Ma, tant'è, il Chiarìssimo ha dato e dà fuori programmi di òpere colossali che
tèngono nell'aspettazione e nell'anticipato stupore il pùbblico, nè manca ad
ogni nuova questione di letteraria dogana, di scrìvere la sua epistoluccia ai
giornali, per dire che esprimerà la sua opinione; ma l'Onorèvole nelle sue gite
autunnali che mèttono in moto la culinaria e la polìtica di tutto il paese,
disegna, fra un brìndisi e l'altro, piani di universale cuccagna; ma
l'Eccellenza, a sua volta, dai banchi ministeriali dà a bere alle Càmere di
quel medèsimo vino delle promesse di cui l'Onorèvole ubbriacò gli elettori.

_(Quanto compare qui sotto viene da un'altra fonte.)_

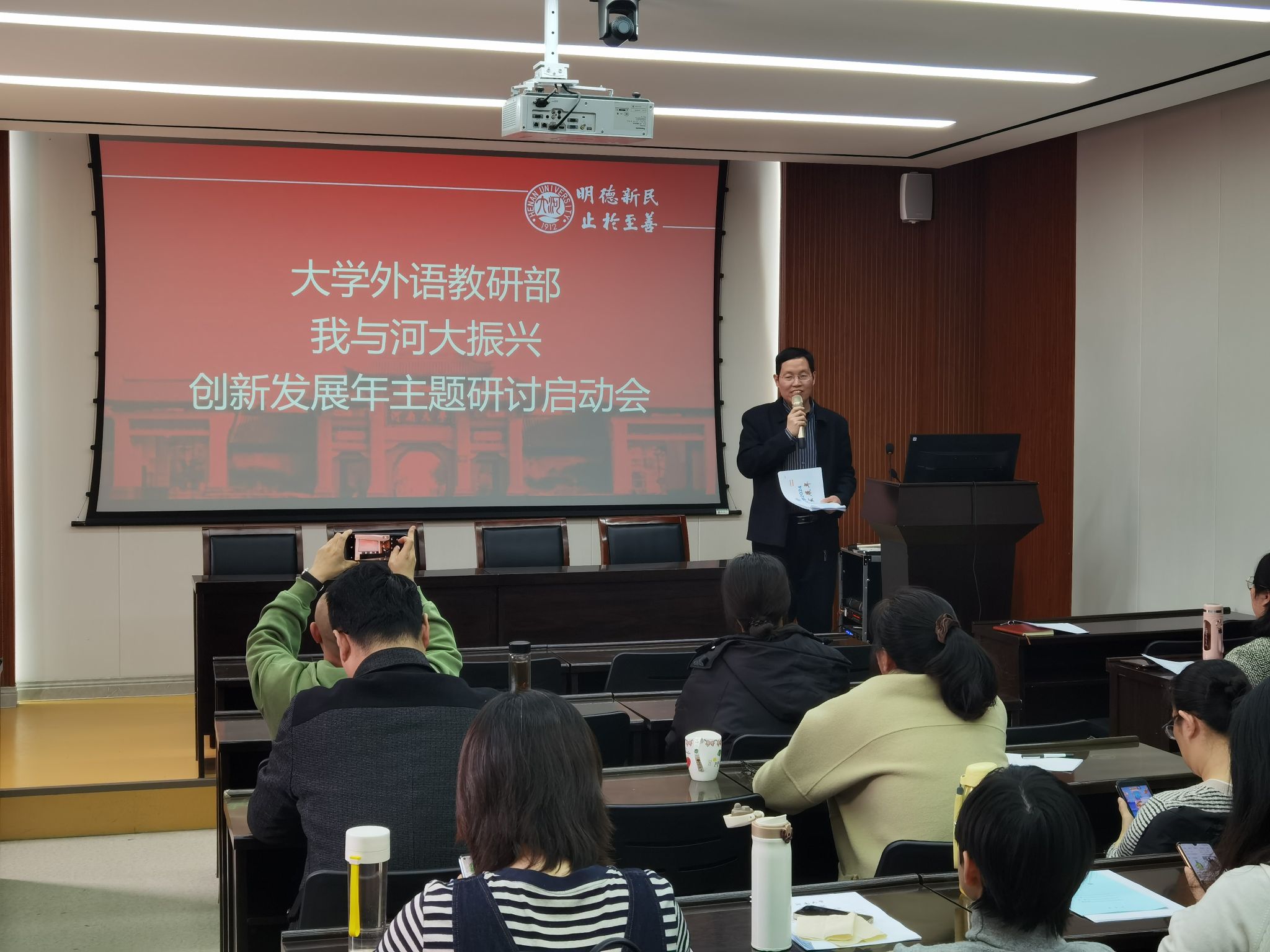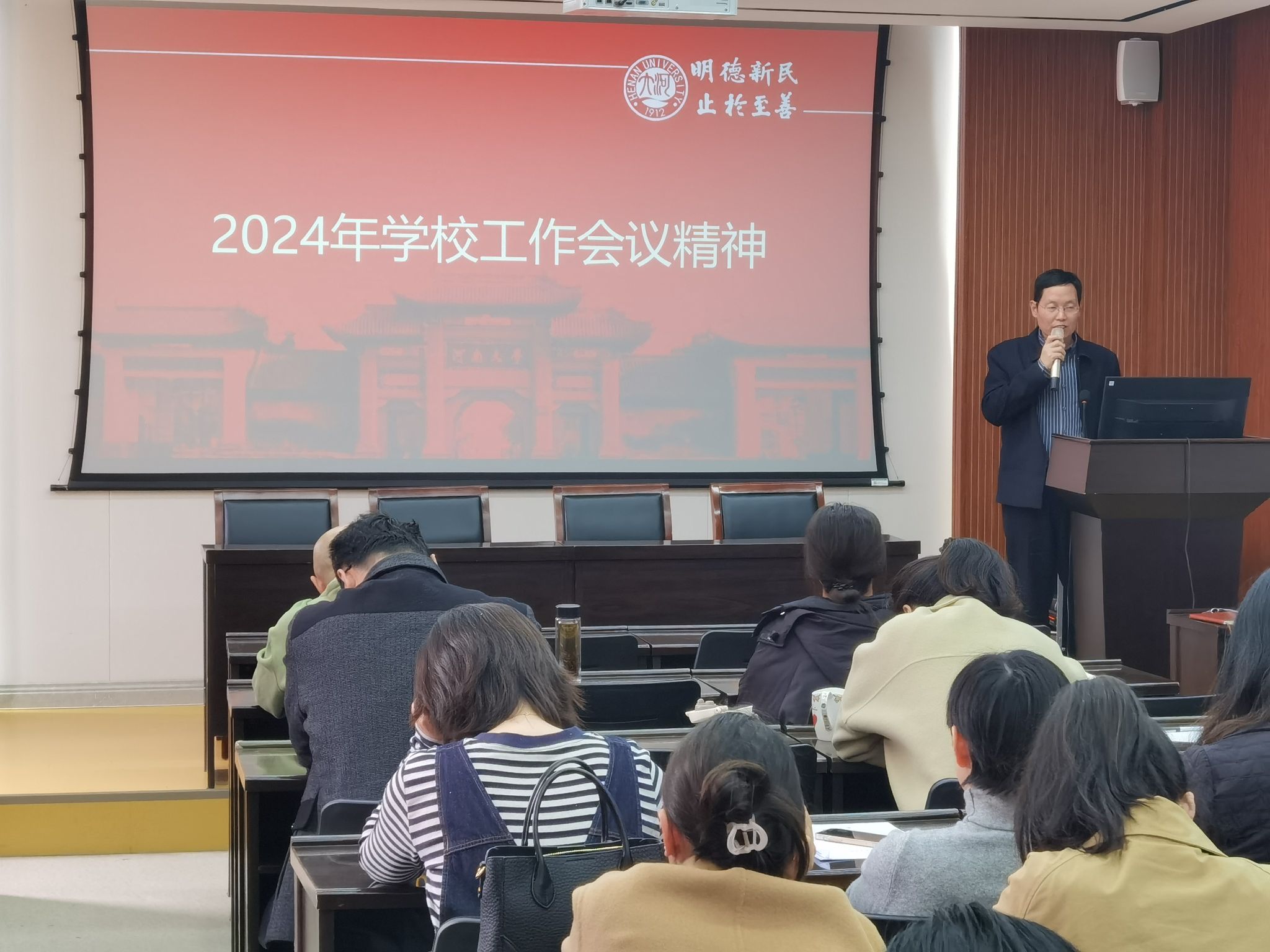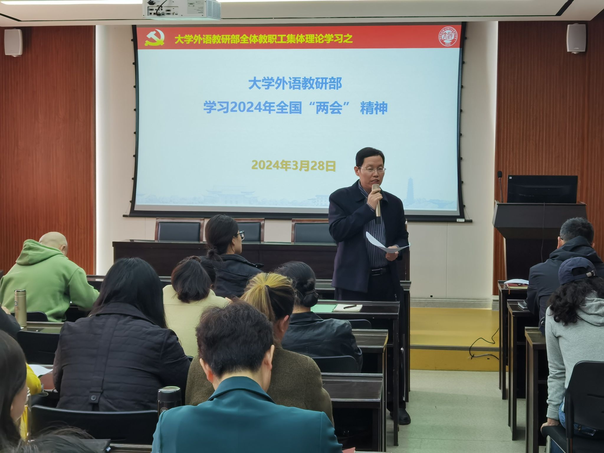 3月28日下午,黄色文学 在大会议室召开全体教职工会议,学习习近平总书记重要讲话精神和全国两会精神,学习贯彻落实2024年学校工作会议精神,启动“我与河大振兴”创新发展年主题研讨活动。部党委书记、主任杨剑波主持会议。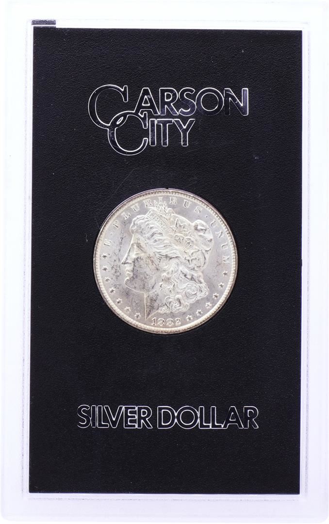 One 1882-CC $1 Morgan Silver Dollar Coin GSA Hoard with Box.

Tutti costoro non fanno che prefazioni. Sono bottiglie cattive, spesso vuote,
che dèbbono il loro posto d'onore sulla credenza alla pomposa intappatura e
alla promettente etichetta: il padrone di casa stà in suggezione dinanzi loro,
e, accontentàndosi d'imaginarne i sapori, ripone il cavaturàccioli. O se vuòi
meglio — sono pezzi di mùsica della scuola che non ha cuore — dico
quella di Wàgner: — il pùbblico, dèdito alla minchionatura, li ascolta con
incorreggìbil pazienza, sempre in attesa di una melodìa che non viene mai. E
infatti, guài se venisse! Si vorrebbe tosto altra mùsica.
Prometti dunque o minaccia il tuo
libro anche tè, ma guàrdati bene dal farlo.»